According to the UN Environment Programme, between 150 and 200 species are driven extinct – are killed – every day. What sense can you possibly make of that? The numbers are meaningless. By writing that story, Loss Soup, I suppose I was inventing a ritual that might make sense of such dizzying loss, a holding vessel to contain the numb disbelief I felt. The monotony of the intonations was more relatable than grief, and certainly easier on the soul. But beyond that, my reasons for writing the story were mysterious to me, as mutable and tricky to grasp as those faces around the table.
Recent years have seen a spate of fiction about climate breakdown, the loss of biodiversity, ecological crisis and collapse: Barbara Kingsolver’s Flight Behaviour; Jenny Offill’s Weather; John Lanchester’s The Wall; Richard Powers’ The Overstory; Ian McEwan’s Solar; Gregory Norminton’s The Devil’s Highway; Amitav Ghosh’s Gun Island; Kim Stanley Robinson’s The Ministry for the Future; and Jessie Greengrass’s The High House.
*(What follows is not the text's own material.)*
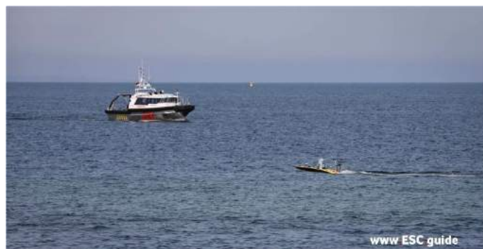
08/06/23: UUV and USV Operations in Putlos, Germany https://www.esc.guide/post/08-06-23-uuv-and-usv-operations-in-putlos-germany

To enhance logistics support for expeditionary forces.

I have admired some of these stories immensely, others not so much. At its best, fiction can touch the sides of the gaping hole that ecosystem collapse and extinction leave in my consciousness, briefly giving me a sense of bewildering vertigo. Again, at its best, it can help me glimpse the descent more clearly. At its worst it can be contrived, worthy or polemical, treating the death of the living world and the slow collapse of all we know as another ‘issue’ to be discussed, or a mere backdrop against which characters play out their human dramas. At its best it asks the right questions, unsettles, bears witness and provokes. At its worst it insists on conclusions and easy answers.
I believe that the messy sprawl of our times – the Anthropocene, or the Great Dying, or the Sixth Mass Extinction, or the Unravelling, or whatever else you want to call it – is simply too perplexing and vast for our imaginations to grasp. I have never subscribed to the view that writers, drone-like above the world, can see things that other mere mortals can’t see, transcending all imaginative limits. Writers are bound by the same inescapable physics as everyone else, breathing the same parts per million of carbon dioxide, buffeted by the same rising wind. Writers are as confused and lost as anyone in this strange weather.
Good fiction, I think, acknowledges this. It does not wriggle out of the trouble. Perhaps good fiction writers – and certainly poets – should not fully understand what they write, or know where the story is leading them. Narratives are unstable these days, their arcs bent out of shape. As rapidly converging crises overwhelm our certainties, as trophic cascades and positive feedback loops make nonsense of the plot, who knows where the story we are telling ourselves will end?
I am not saying that fiction and storytelling cannot help us live our lives, or cannot be a useful guide through the darkening terrain ahead. I believe that they can – perhaps they are the only things that can – as long as we acknowledge that our guides are as lost as we are.
A young woman prepares to leave everything she has ever known. In this near future, you have a choice between ways of being human. Born into a sterile, techno-utopian city of machines, she has emigrated and adapted to the lifestyle of a peasant. Now she is leaving again in order to enter the wilderness, the uncut forest that lurks, unknown, on the far side of the wall. It is dawn. She lingers nervously. A door in the wall swings open. Beyond, she glimpses greenery. It is darker than she expected.
The woman does not know what is next. I do not know either. But fiction can be a door in that wall. And I am inviting you to step through.